Mann filmed Desperate six months after he and Slater turned in their first draft, but Follow Me Quietly seems to have been shelved for quite a while before being rewritten by Rackin and Hayward and finally put into production as a B picture. Mann in the meantime had moved to Eagle Lion (formerly PRC), where he made Railroaded! (1947) and T-Men (1947), his first hit. Follow Me Quietly was finally made by Richard Fleischer—whose own breakthrough film, The Narrow Margin (1952), was still a few years off—a year after the Rosenwald-Mann first draft(hereinafter referred to as ‘RM’) was turned in.

In that sense, the IMDb.com attribution of the film to Fleischer and Mann isn't far off, but the evolution revealed in the RKO script files is more complicated than that.

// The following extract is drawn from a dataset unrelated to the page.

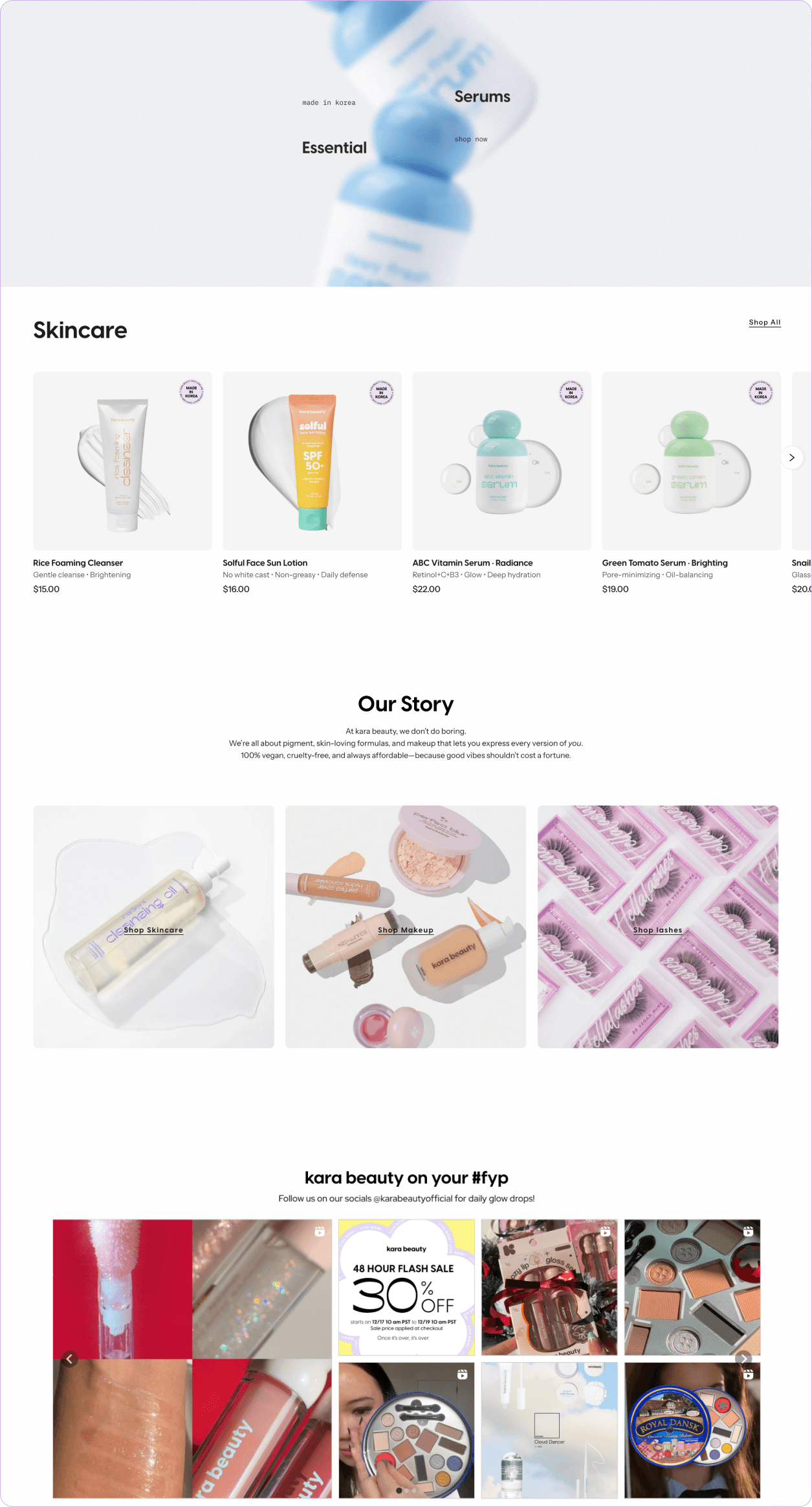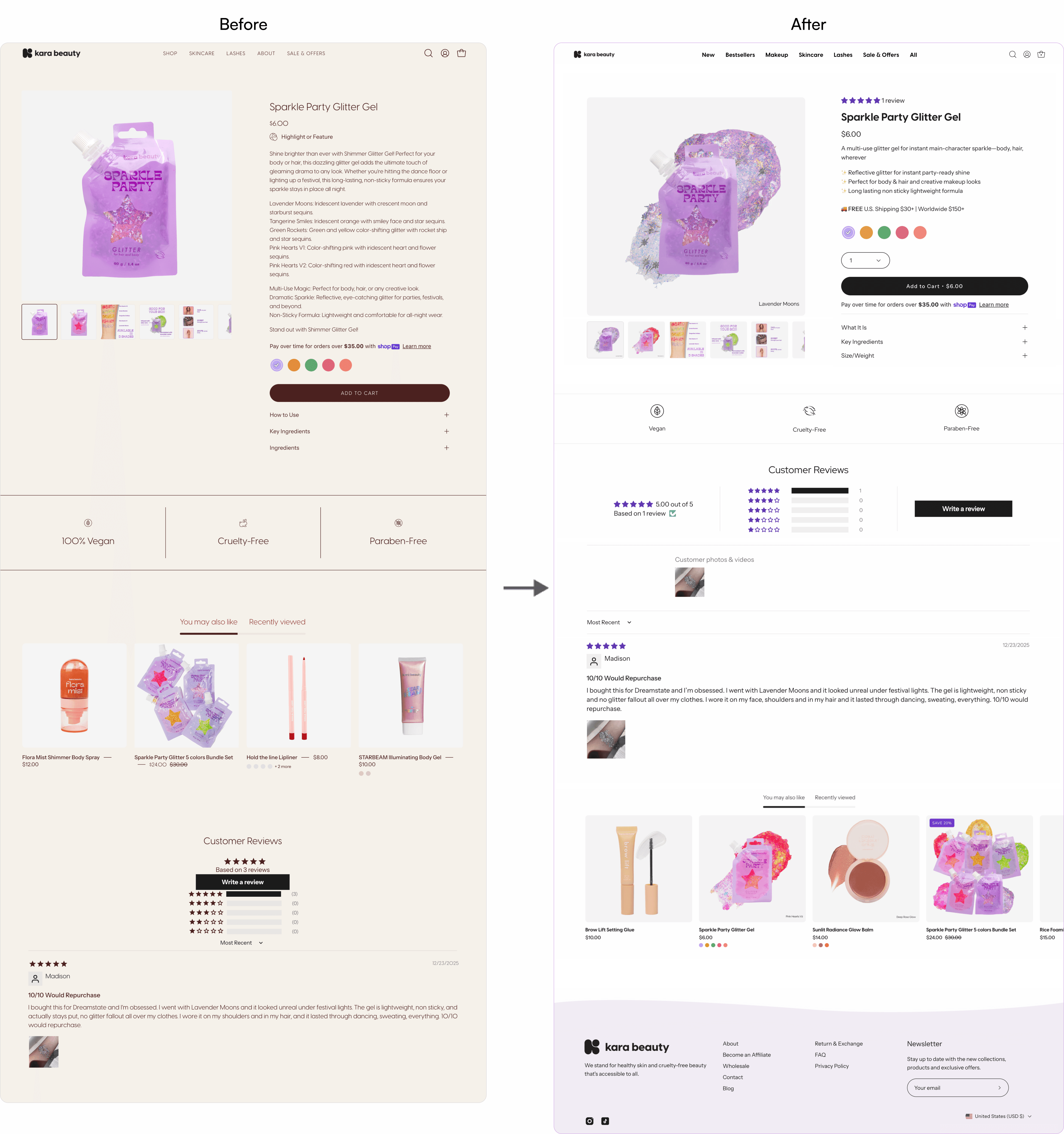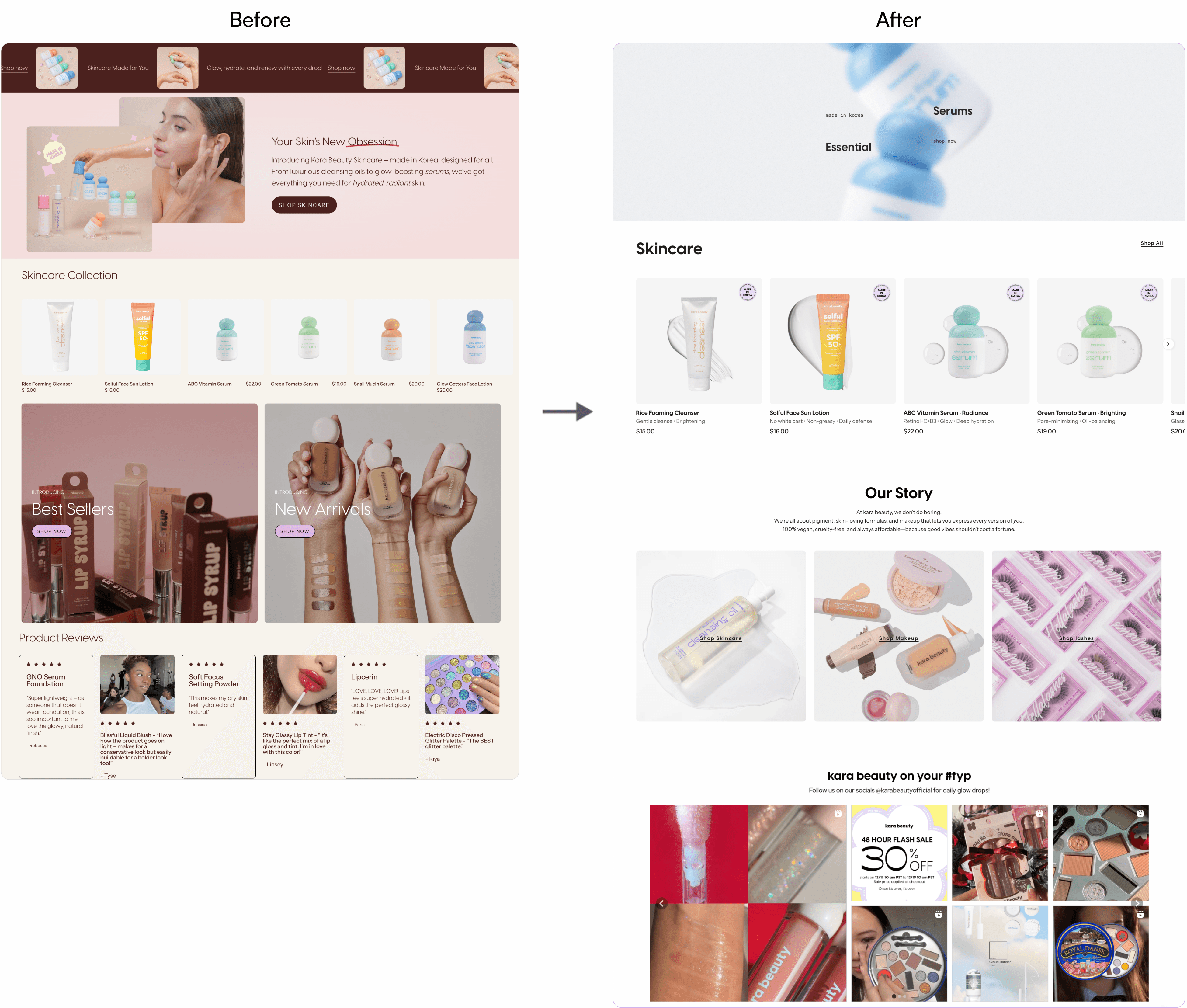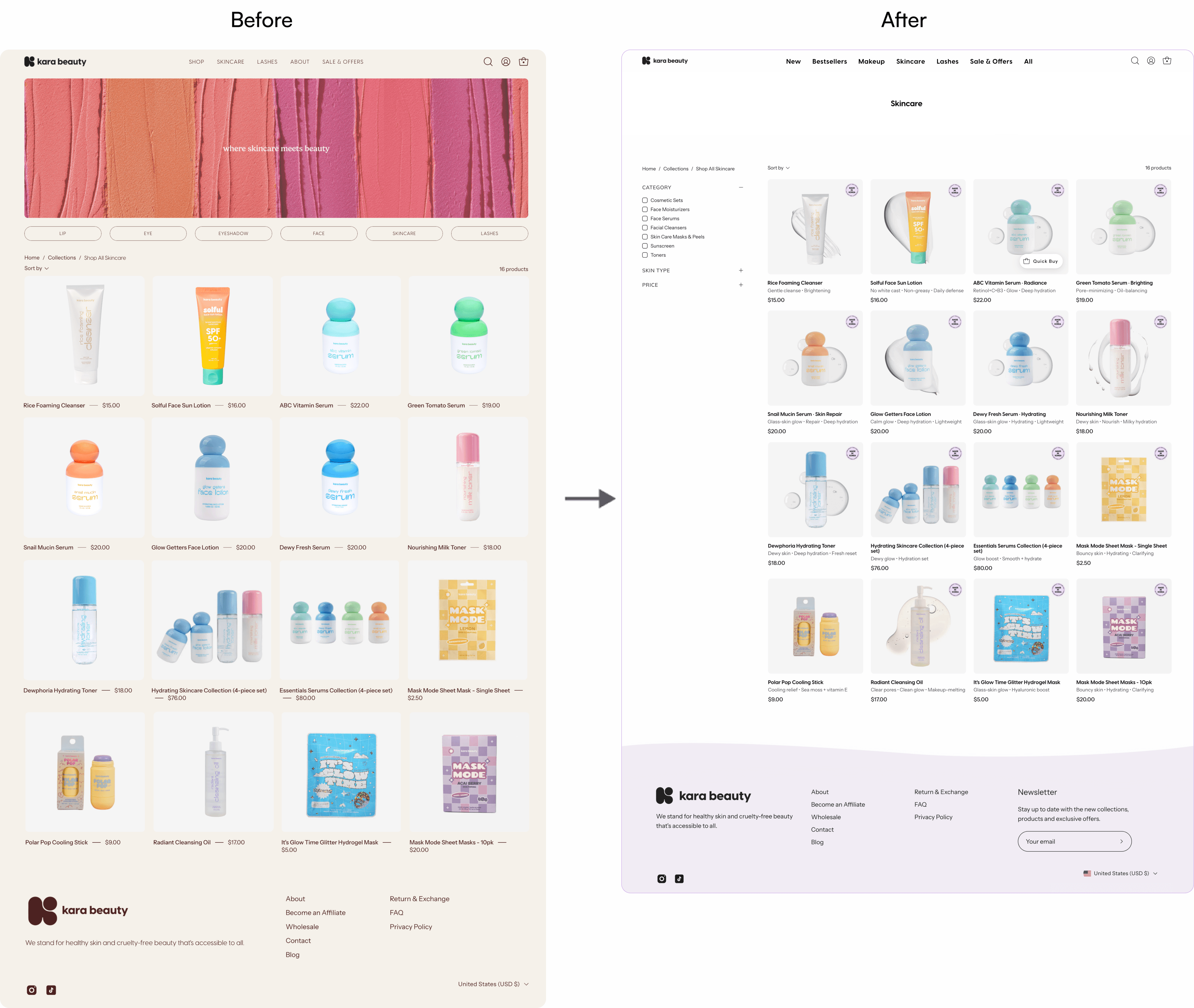 This is a full-scale UX Redesign of the Kara Beauty e-commerce website on Shopify, specifically focused on Conversion Rate Optimization (CRO). To maximize purchase efficiency, I identified critical friction points and redesigned the core user journey. By improving Information Architecture and clarifying the browsing-to-decision flow across the Homepage and PDP, I drove a 68% lift in overall site conversion rate.

While it wouldn't be wrong to attribute the invention of Deadpan at least partly to Mann, the scene where Deadpan comes to life was invented by Martin Rackin. And even though it is unlikely that Richard Fleischer,whose memoirs are silent on this subject, had a hand in inventing that scene, it was almost certainly his decision to include it in the final shooting script after it had been eliminated in Lillie Hayward’s rewrites. Fleischer mentions an earlier collaboration with Hayward in his memoirs, Just Tell Me When to Cry, where he also recalls his friendship with Sid Rogell, the head of RKO’s B-movie unit,who took him under his wing and completed his education in the ferocious rituals of film production.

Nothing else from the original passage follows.